A Week's Vacation in Three Parts: Cantabria

Programs for this blog post

Teach In Spain Program

Authored By:

Penny S.

Spring has sprung in Madrid.  The smell of olives is wafting into my apartment.  People have morphed into vultures, circling around the cafe terrazas waiting to pounce on a free table.  The sky is lit until 9pm, deceiving you into thinking you could sit out until it got dark and still have time to accomplish everything you want to that evening.  So I’m in vacation mode and would like to return to the roadtrip. Part Two. Cantabria.

Teleférico of Fuente De.  The teleférico of fuente de.  Wow. What words are there to describe it?  High up. Snow. Mountains. Words not usually associated with me, but that day, they were.

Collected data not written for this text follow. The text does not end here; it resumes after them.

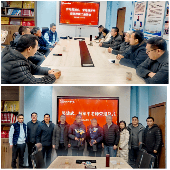 1月27日,机械工程学院为晏建武、杨军平两位教授举办了一场简朴而温馨的荣休座谈会,向他们颁发荣休纪念品并献上鲜花。学院全体负责人、工会委员与教师代表齐聚一堂,共同致敬两位教授数十载的奉献岁月。
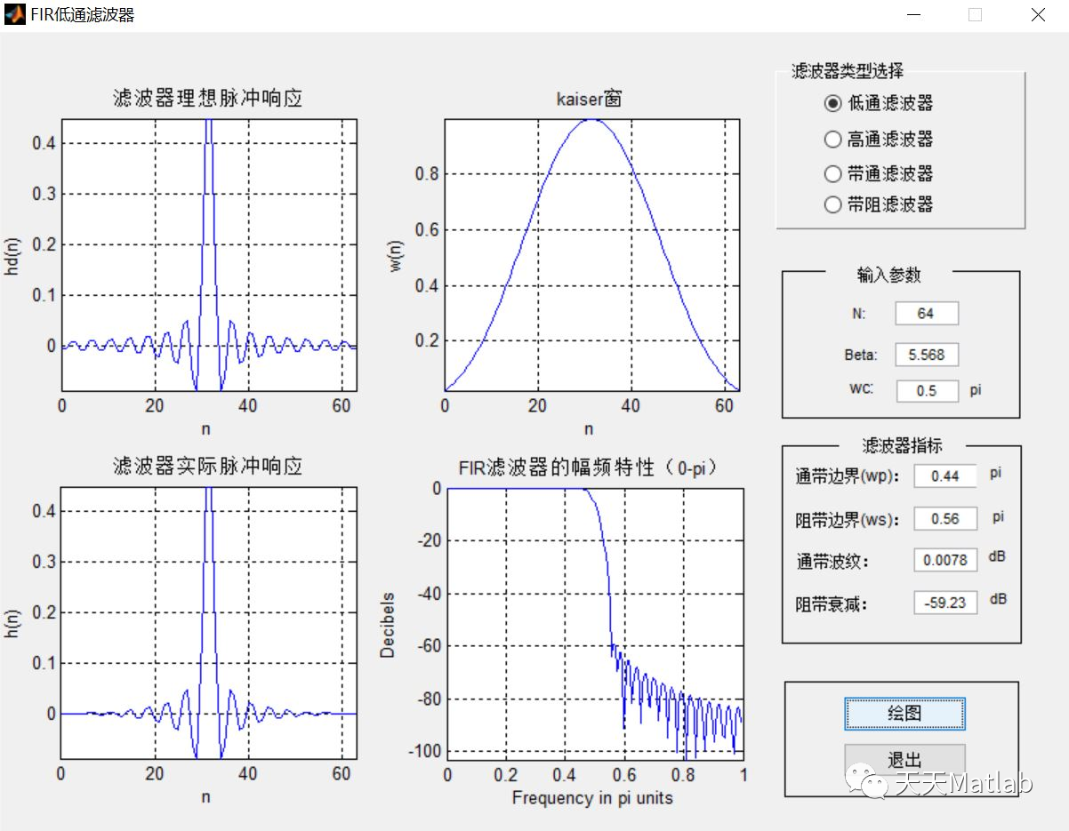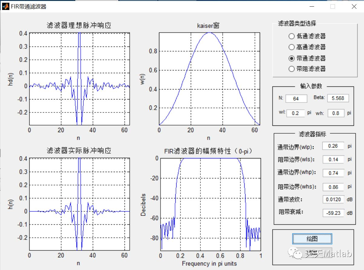 %--------------------------------------------------------------------------%利用kaiser窗设计带通滤波器m文件%默认输入参数: N=64% beta=5.568% wl=0.2% wh=0.8%输出参数: 低通带边界(wlh)% 低阻带边界(wls)% 高通带边界(whp)% 高阻带边界(whs)% 通带波纹% 阻带衰减%--------------------------------------------------------------------------function varargout = bpfilter(varargin)% BPFILTER M-file for bpfilter.fig% BPFILTER, by itself, creates a new BPFILTER or raises the existing% singleton*.%% H = BPFILTER returns the handle to a new BPFILTER or the handle to% the existing singleton*.%% BPFILTER('CALLBACK',hObject,eventData,handles,...) calls the local% function named CALLBACK in BPFILTER.M with the given input arguments.%% BPFILTER('Property','Value',...) creates a new BPFILTER or raises the% existing singleton*. Starting from the left, property value pairs are% applied to the GUI before bpfilter_OpeningFunction gets called. An% unrecognized property name or invalid value makes property application% stop. All inputs are passed to bpfilter_OpeningFcn via varargin.%% *See GUI Options on GUIDE's Tools menu. Choose "GUI allows only one% instance to run (singleton)".%% See also: GUIDE, GUIDATA, GUIHANDLES% Edit the above text to modify the response to help bpfilter% Last Modified by GUIDE v2.5 29-Jun-2007 13:03:07% Begin initialization code - DO NOT EDITgui_Singleton = 1;gui_State = struct('gui_Name', mfilename, ...'gui_Singleton', gui_Singleton, ...'gui_OpeningFcn', @bpfilter_OpeningFcn, ...'gui_OutputFcn', @bpfilter_OutputFcn, ...'gui_LayoutFcn', [] , ...'gui_Callback', []);if nargin & isstr(varargin{1})gui_State.gui_Callback = str2func(varargin{1});endif nargout[varargout{1:nargout}] = gui_mainfcn(gui_State, varargin{:});elsegui_mainfcn(gui_State, varargin{:});end% End initialization code - DO NOT EDIT% --- Executes just before bpfilter is made visible.function bpfilter_OpeningFcn(hObject, eventdata, handles, varargin)% This function has no output args, see OutputFcn.% hObject handle to figure% eventdata reserved - to be defined in a future version of MATLAB% handles structure with handles and user data (see GUIDATA)% varargin command line arguments to bpfilter (see VARARGIN)% Choose default command line output for bpfilterhandles.output = hObject;% Update handles structureguidata(hObject, handles);% UIWAIT makes bpfilter wait for user response (see UIRESUME)% uiwait(handles.figure1);%--------------------------------------------------------------------------function edit_beta_Callback(hObject, eventdata, handles)% hObject handle to edit_beta (see GCBO)% eventdata reserved - to be defined in a future version of MATLAB% handles structure with handles and user data (see GUIDATA)% Hints: get(hObject,'String') returns contents of edit_beta as text% str2double(get(hObject,'String')) returns contents of edit_beta as a double% --- Executes during object creation, after setting all properties.function edit_wl_CreateFcn(hObject, eventdata, handles)% hObject handle to edit_wl (see GCBO)% eventdata reserved - to be defined in a future version of MATLAB% handles empty - handles not created until after all CreateFcns called% Hint: edit controls usually have a white background on Windows.% See ISPC and COMPUTER.if ispcset(hObject,'BackgroundColor','white');elseset(hObject,'BackgroundColor',get(0,'defaultUicontrolBackgroundColor'));endfunction edit_wl_Callback(hObject, eventdata, handles)% hObject handle to edit_wl (see GCBO)% eventdata reserved - to be defined in a future version of MATLAB% handles structure with handles and user data (see GUIDATA)% Hints: get(hObject,'String') returns contents of edit_wl as text% str2double(get(hObject,'String')) returns contents of edit_wl as a double% --- Executes during object creation, after setting all properties.function edit_wlp_CreateFcn(hObject, eventdata, handles)% hObject handle to edit_wlp (see GCBO)% eventdata reserved - to be defined in a future version of MATLAB% handles empty - handles not created until after all CreateFcns called% Hint: edit controls usually have a white background on Windows.% See ISPC and COMPUTER.if ispcset(hObject,'BackgroundColor','white');elseset(hObject,'BackgroundColor',get(0,'defaultUicontrolBackgroundColor'));endfunction edit_wlp_Callback(hObject, eventdata, handles)% hObject handle to edit_wlp (see GCBO)% eventdata reserved - to be defined in a future version of MATLAB% handles structure with handles and user data (see GUIDATA)% Hints: get(hObject,'String') returns contents of edit_wlp as text% str2double(get(hObject,'String')) returns contents of edit_wlp as a double
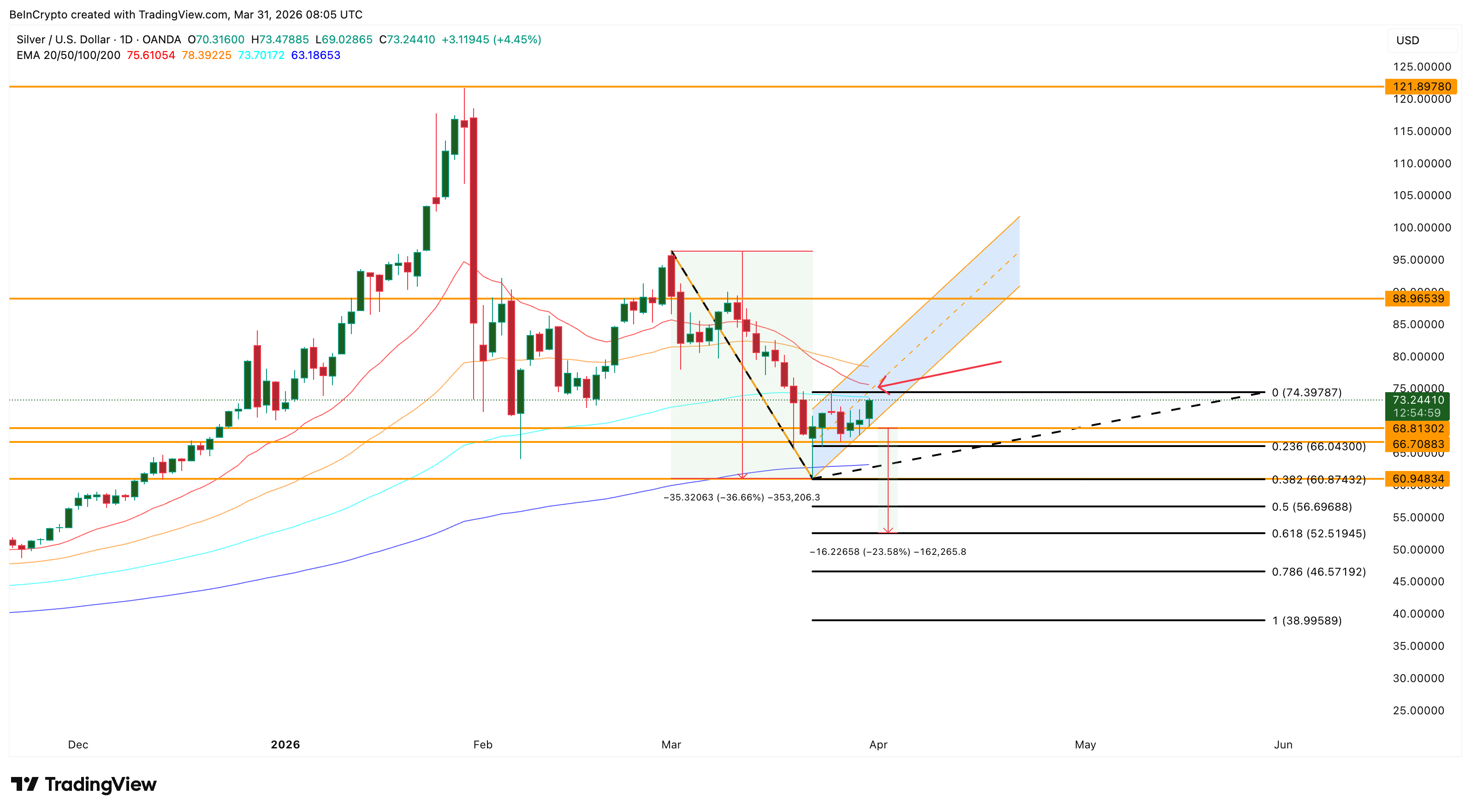 The most critical Silver price level for April is $74. It aligns with a key technical resistance on the daily chart and sits as the first major hurdle above the current price. A daily close above $74 would mark the first structural shift and bring the 20-day Exponential Moving Average (EMA) and 50-day EMA into play. EMA is a trend indicator that gives greater weight to recent price movements. The 20-EMA sits at $75 and the 50-day EMA sits at $78.
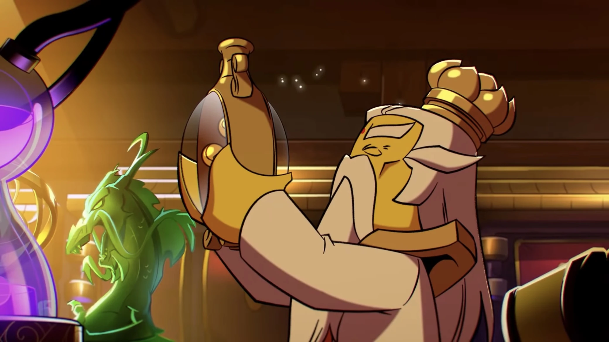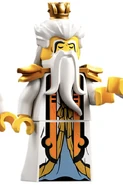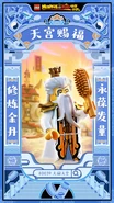 Lao Tzu dresses in a white and orange robe with black trimming and has golden-colored shoulder pads. He also wears a crown that resembles a lotus flower.
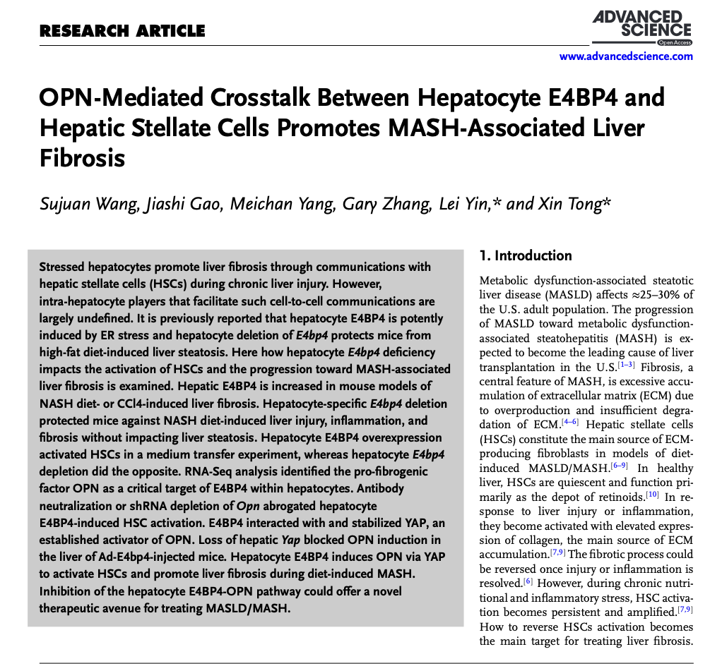 近日,中南大学湘雅二医院王素娟、高佳师、杨美婵博士在Advanced Science(14.3)杂志发表了题为“OPN-Mediated Crosstalk Between Hepatocyte E4BP4 and Hepatic Stellate Cells Promotes MASH-Associated Liver Fibrosis”的研究论文。
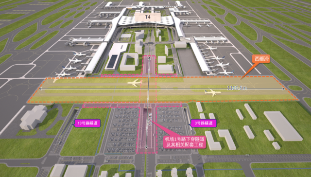 其中西垂滑包含两条E类垂直联络道,联络道长度1100.5米,间距76米,可同时保障2架A350大飞机滑行;机场1号路下穿隧道主线全长525 米,为双向8车道,设计车速60公里/小时。
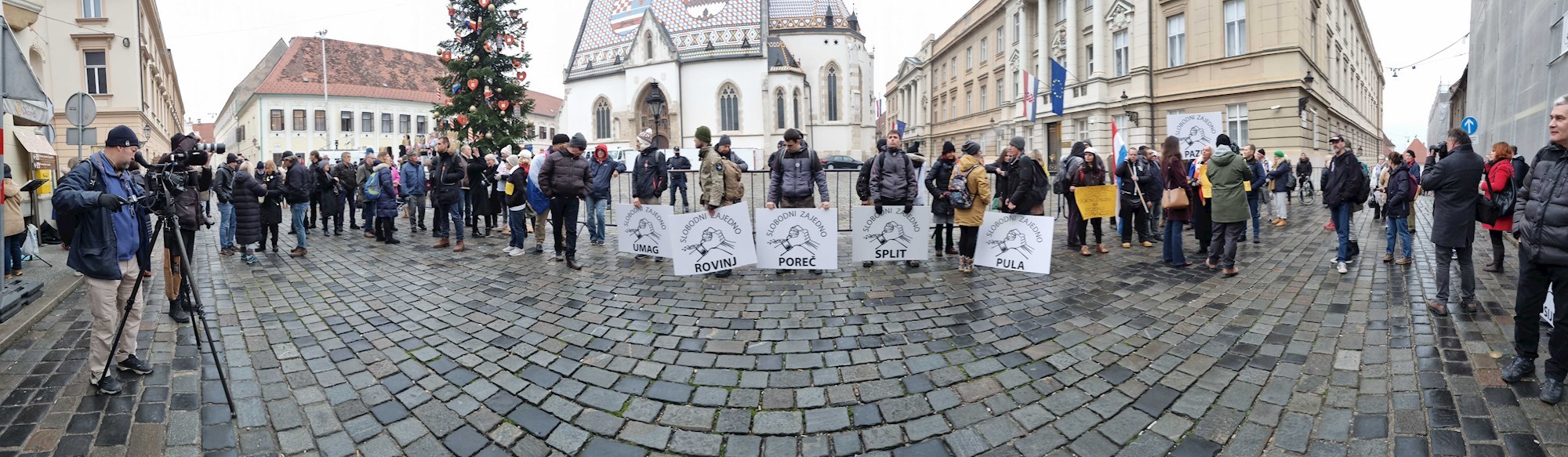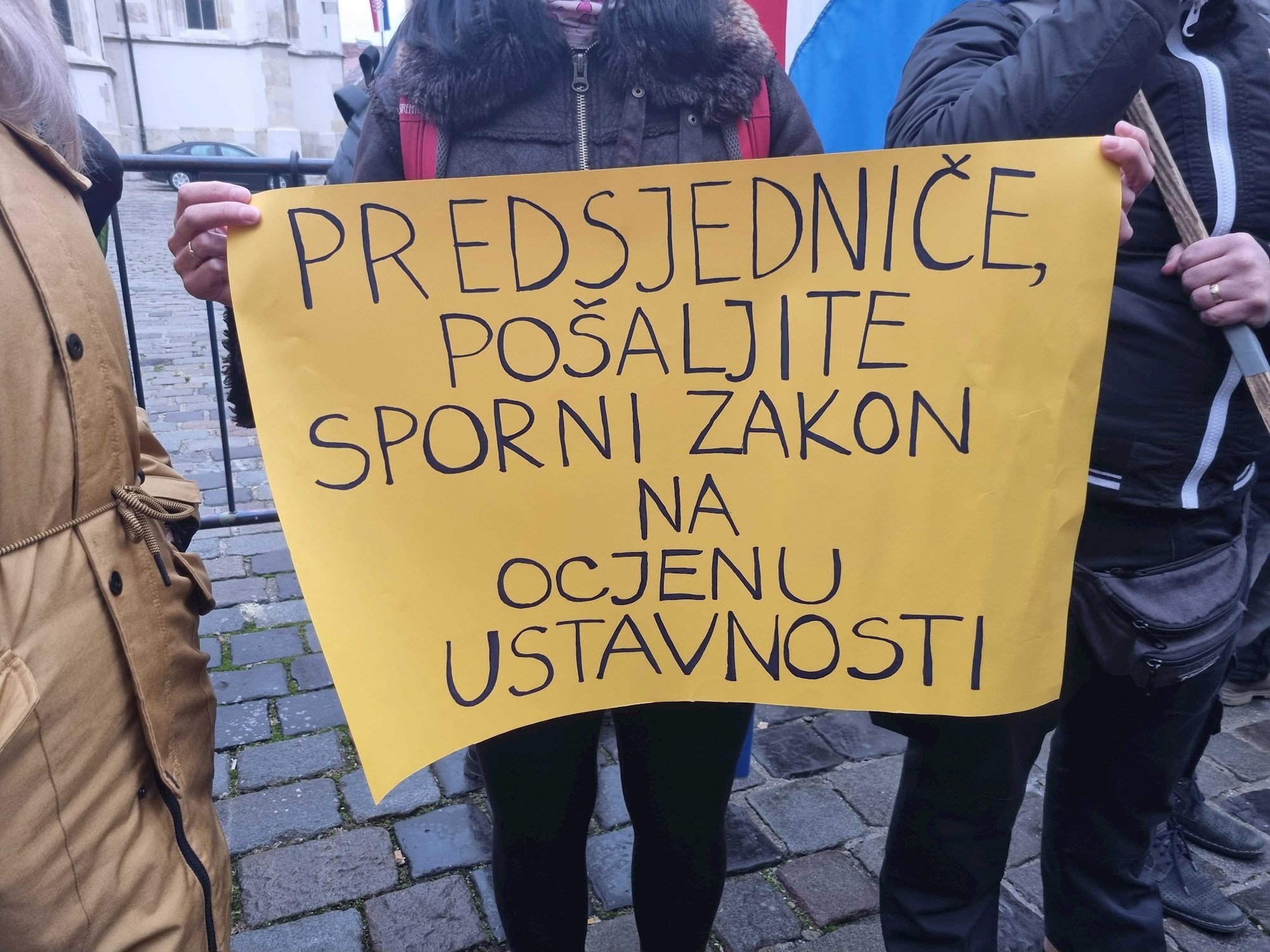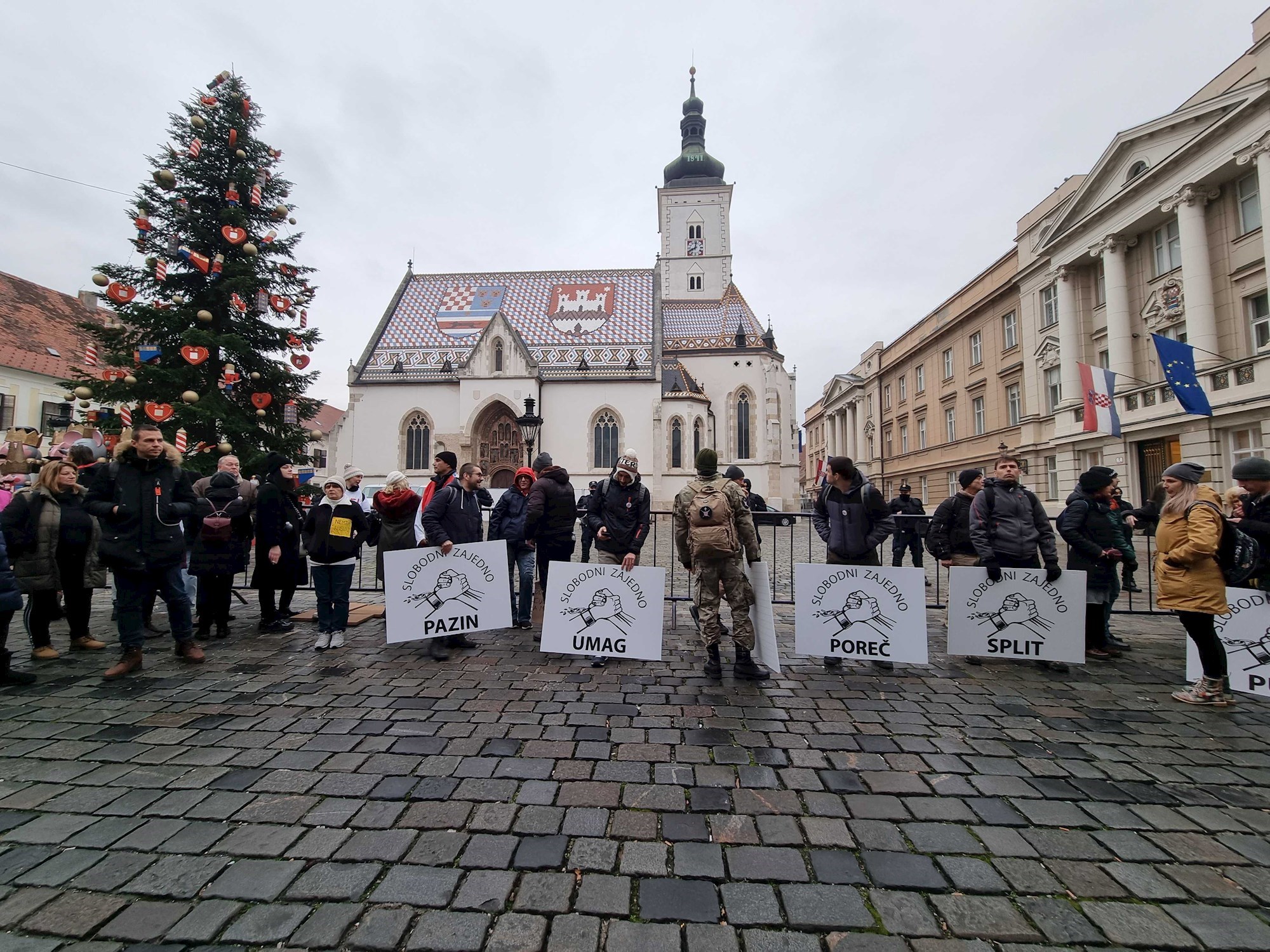Prosvjednici su se okupili na Markovom trgu jer je u saboru danas na rasporedu glasanje o izmjeni Zakona o zaštiti pučanstva od zaraznih bolesti, kojim bi se uvele visoke kazne za nepoštovanje odluka o covid-potvrdama.
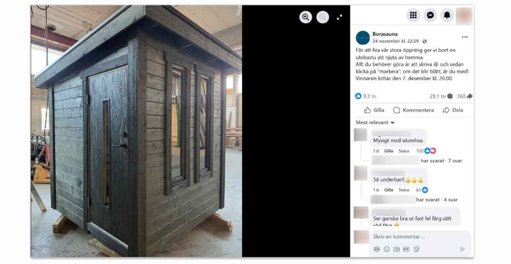 Här kan du även läsa igenom recensionerna av sidan – och för Borasaunas del så rör det sig om många negativa kommentarer. En kvinna skrev så här i dag: “Lurendrejeri. De säger att de lottar ut en bastu, men skickar meddelande om en husbil”.
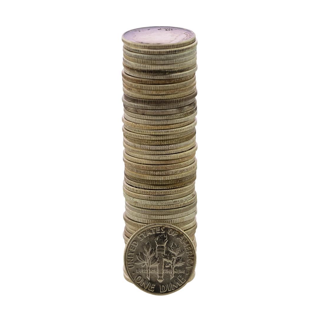 Roll of (50) Brilliant Uncirculated 1960 Roosevelt Dime Coins

We arrived in sneakers and well I guess we weren’t dressed properly for the skiing, wood cabin, put-up-a-fire-and-let’s-have-some-hot-cocoa mountain look, so we went into the trunk in the parking lot and I pulled out my winter hat.  Still in sneakers, we ascended the stairs to the entrance amongst a crowd of winter-hatted others with chunky boots and cameras. Does that age people now? To say they have a camera? Yikes. We had our disposable ones :) I digress.  Luckily there weren’t a lot of people because it was early. Perhaps also some stayed away because they thought it would be foggy. We were so lucky. Bright blue sky, bright sun, bright white mountains.

Now this is not a cheap experience.  17€ round trip. But it was worth it for me.  I’m not often up in the snow-capped mountains taking chairlifts up hills to ski down, let alone in one of Spain’s national parks--Los Picos de Europa--with access to one of the major tourist highlights.

Initially, I couldn’t see the thing.  I couldn’t see a cable in the air, or poles, or something moving, nothing.  Just gigantic mountains and little dark spots of trees poking out like hairs.  After paying for the ticket, I watched as a red, white, and blue box-like thing was lowered into the loading dock.  I was gonna get on THAT???? I was terrified. Absolutely terrified. It didn’t even stop swinging a bit, so when you get on, your foot is not in the spot you thought it would be when you picked it up to put it on.  Am I being dramatic? Absolutely. Did it feel this dramatic? Absolutely.

Before I could change my mind, the door closed and we were ascending.  I just kept thinking don’t look down don’t look down don’t look down. I don’t think I did.  I was looking up and straight ahead. It was getting brighter and brighter as more and more of the mountain range revealed itself.  Always hiding from people, make you work hard to see it.

At the top I breathed air like I’ve never before.  Both literally how I breathed and the air I breathed.  Full, crisp, intoxicating. To be eye-to-eye with the mountains was to soar.  If I had done nothing else “exciting” the whole trip, I would’ve been beyond content to have just experienced this.

It wasn’t long before I found myself in the gift shop (only after 200 photos, of course).  And then nearby there was a small room with photographs documenting the history of the teleférico.  I was reassured reading about the two ways you can be saved if your cable car stops in the middle.  It's clear that this attraction is a jewel of the region.

On the way back down I felt confident.  I had conquered. Triumphant, I looked down on the way down.  Before I knew it, I was back on the ground looking up at those glorious mountains I had just had the pleasure of meeting.  The world is open.